Addressing Statistical Question 3

Model Building and Testing

##  TPreRot TPreFlex 
## 1.058889 1.058889

Here we have the VIF (Variance Inflation Factor) which double checks that the variables we used are not insignificant to the model
Values for this Less than 10 are generally considered good for a model
And here we can see that for both TPreRot and TPreFlex, they are less than 2, making them good to use for a model

##                 Analysis of Variance          Response: TDiffFlex 
## 
##  Factor     d.f. Partial SS MS         F     P     
##  TPreRot     1    569.235    569.23496 12.21 0.001 
##  TPreFlex    1   2672.351   2672.35104 57.34 <.0001
##  REGRESSION  2   2816.502   1408.25096 30.22 <.0001
##  ERROR      51   2376.980     46.60744

Here we have an ANOVA Table, which displays various properties of the model
The important values here are under the “P” column, where values less than 0.05 are good
More specifically, the P-Values show the significance of each variable, similarly to the VIF Values above
The point of this test was to perform an extra check on our model before continuing

Model Summary

## [1] 0.5423148

Here we have the R-Squared Value, which gives the accuracy of the model to the actual data in the form of a decimal
Values here between 0.50 and 1.00 are considered good to continue with
However, because this model uses both the Even and Odd Hips, we believe that we can achieve a more accurate model by using only the Even or Odd Hips

Odd Hips Model Option

## [1] 0.4912659

This is the R-Squared Value for the Model using only the Odd Hips, and as you can see it is lower than the model using both, so we won’t use this one

Even Hips Model Option

## [1] 0.6401323

Here we have the R-Squared Value for the Model using only the Even Hips, and as you can see it is higher than the model using both, therefore we will use this model
It seems that the collinerarity between the even and odd hips we noted earlier is playing a factor in our model
By remapping the model to use only the even hips, it is more accurate
This may be because EVERY Even Hip was greater than its Odd Hip counterpart

Regression Plot of Even Hips Model

Here we have a Regression Plot, which plots the model (Red Line) to the Data (Black Dots)
The Shaded Region around the red line dictates the Error of the model
This is helpful because it shows the region where we are 95% confident the value we’re predicting with the model will be

Recomendations

Question 1

Has the stretched group improved significantly more than the control group?

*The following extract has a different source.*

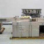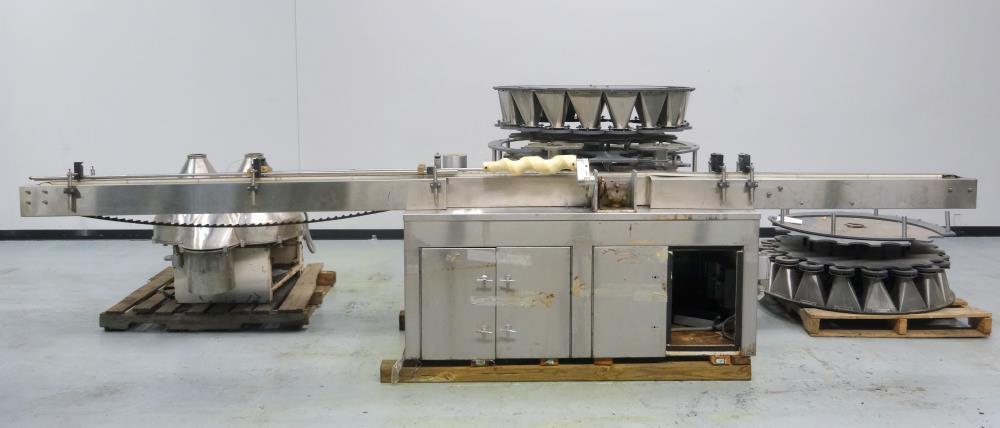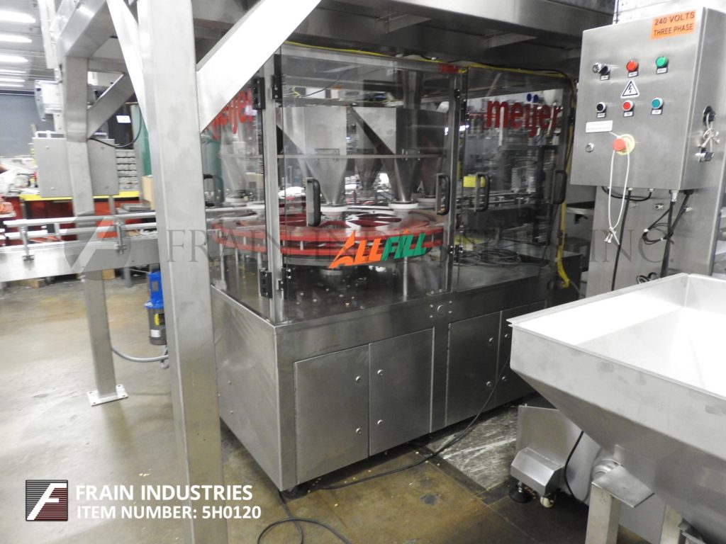 All Fill twin head 8 station, rotary funnel filling system with worm screw infeed and table top chain conveyor.

There is statistical evidence to suggest the daily stretching treatment is more successful in improving range of hip motion in comparison to the standard treatment. It can therefore be concluded that this new treatment should be implemented over the previous.

Question 2

Can a model be produced to predict the improvement for a patient?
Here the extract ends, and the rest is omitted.